- Raw data:
##############################
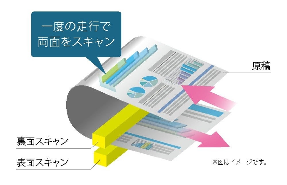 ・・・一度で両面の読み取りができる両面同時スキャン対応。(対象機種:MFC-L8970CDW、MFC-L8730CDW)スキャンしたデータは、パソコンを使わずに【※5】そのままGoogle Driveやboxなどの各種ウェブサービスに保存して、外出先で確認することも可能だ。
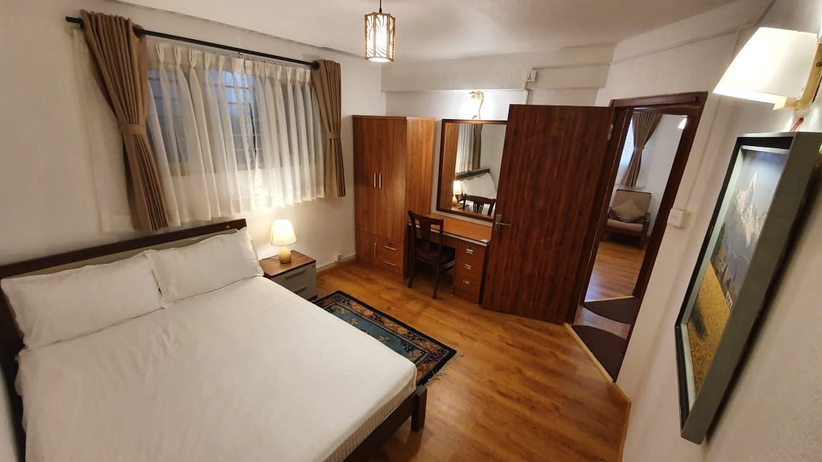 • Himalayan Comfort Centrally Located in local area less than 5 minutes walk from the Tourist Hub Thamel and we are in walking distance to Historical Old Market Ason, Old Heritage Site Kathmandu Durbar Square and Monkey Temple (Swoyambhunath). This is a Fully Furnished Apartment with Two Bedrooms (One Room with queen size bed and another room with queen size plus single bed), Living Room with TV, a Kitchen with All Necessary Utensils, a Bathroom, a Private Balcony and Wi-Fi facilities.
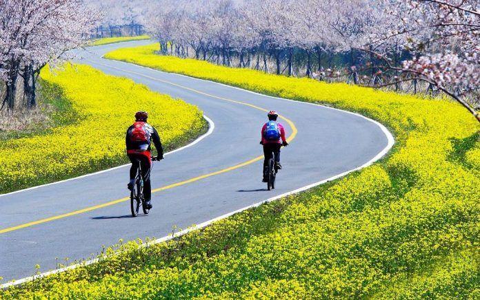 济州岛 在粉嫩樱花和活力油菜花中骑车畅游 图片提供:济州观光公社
##############################
Exactly the lines from the line with "and Wi-Fi facilities." through the last line of the listing, both included, should be extracted, and the pictures left behind.

 • Himalayan Comfort Centrally Located in local area less than 5 minutes walk from the Tourist Hub Thamel and we are in walking distance to Historical Old Market Ason, Old Heritage Site Kathmandu Durbar Square and Monkey Temple (Swoyambhunath). This is a Fully Furnished Apartment with Two Bedrooms (One Room with queen size bed and another room with queen size plus single bed), Living Room with TV, a Kitchen with All Necessary Utensils, a Bathroom, a Private Balcony and Wi-Fi facilities.
 济州岛 在粉嫩樱花和活力油菜花中骑车畅游 图片提供:济州观光公社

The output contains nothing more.